Pope Weighs In on Calls to Deny Communion to Biden Over Abortion

Pope Francis weighed in on Wednesday on a debate roiling the Roman Catholic Church in the United States, where bishops are considering denying Communion to politicians, like President Biden, who support abortion rights.

“I have never refused the Eucharist to anyone,” Francis said, adding that bishops should be pastors, not politicians.

In his usual fashion, the pope did not give a simple, direct answer. But he left little doubt about his view, invoking a phrase he has used before: “Communion is not a prize for the perfect.” The Vatican in June warned conservative bishops in the country against refusing Communion to Mr. Biden, who is only the second Roman Catholic to be U.S. president.

“If we look at the history of the church, we will see that every time the bishops have not managed a problem as pastors, they have taken sides on a political front,” Francis told reporters on his plane as he returned from a four-day trip to Slovakia and Hungary. He cited a history of atrocities committed in the name of the faith.

“What must the pastor do?” he asked. “Be a pastor, don’t go condemning. Be a pastor, because he is a pastor also for the excommunicated.”

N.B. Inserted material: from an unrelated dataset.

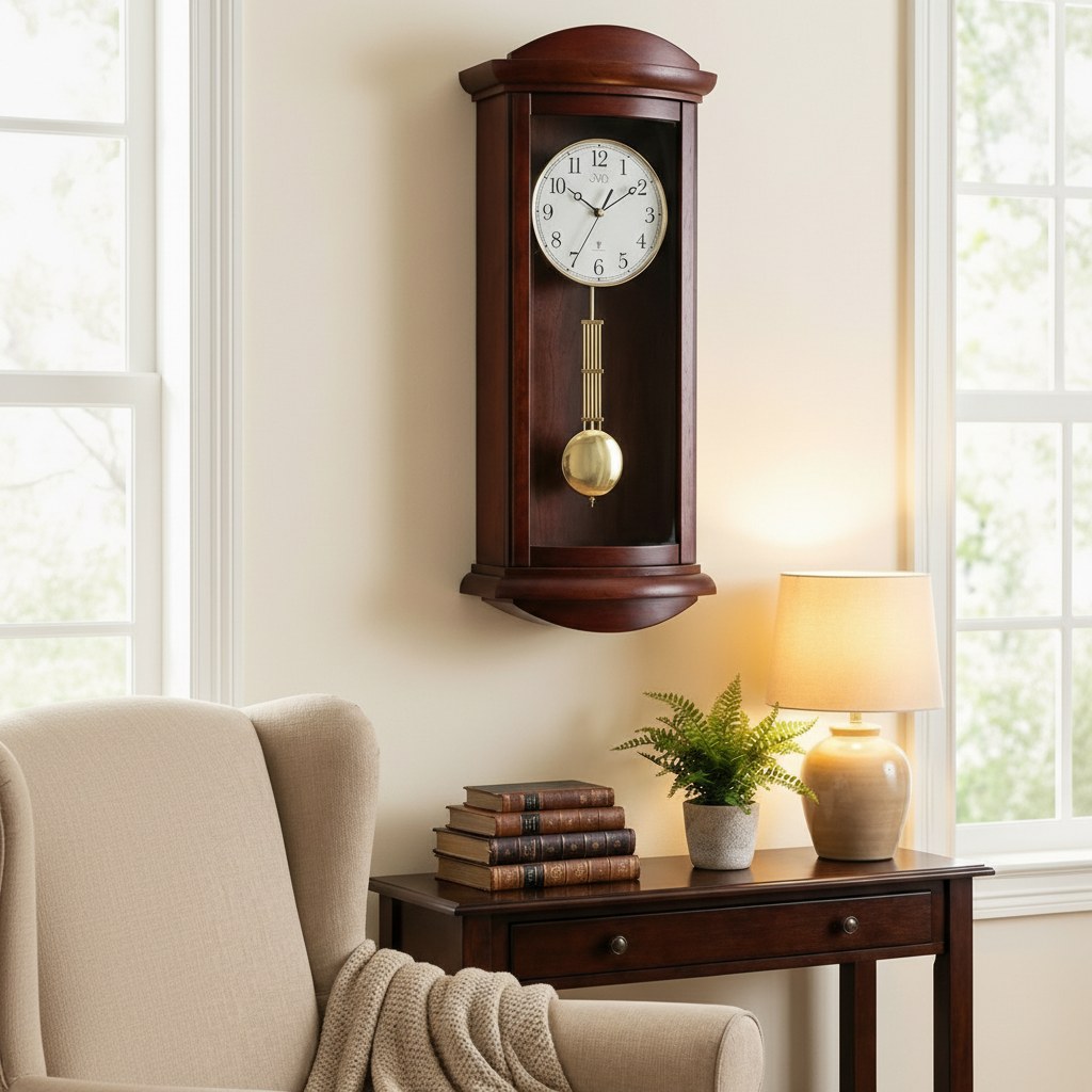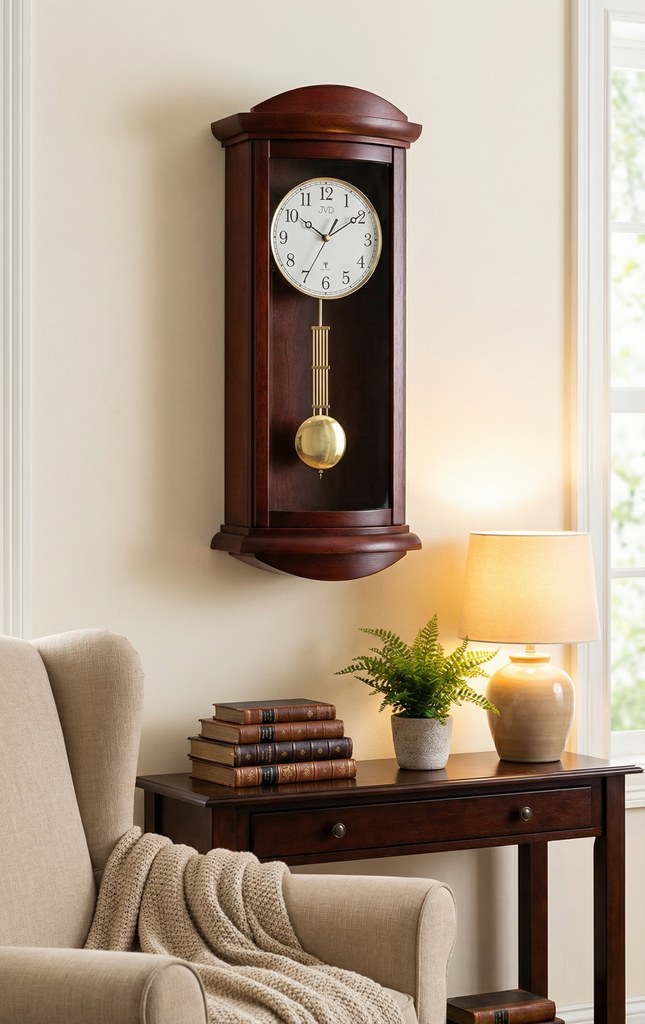 Elegantní kyvadlové hodiny značky JVD NR24020, které krásně doladí váš interiér. Tyto hodiny navíc mají možnost čtyř melodií! Pozornost upoutají určitě i pozlacené části hodin.

The pope emphatically restated the Catholic position that abortion is homicide.

“It’s more than a problem — it’s murder,” he said, speaking in Italian. “Whoever has an abortion kills, no half words.”

“It is a human life,” he added. “This human life must be respected — this principle is so clear.”

Francis was not asked about, and did not address, last week’s ruling by Mexico’s Supreme Court that decriminalized abortion in the country.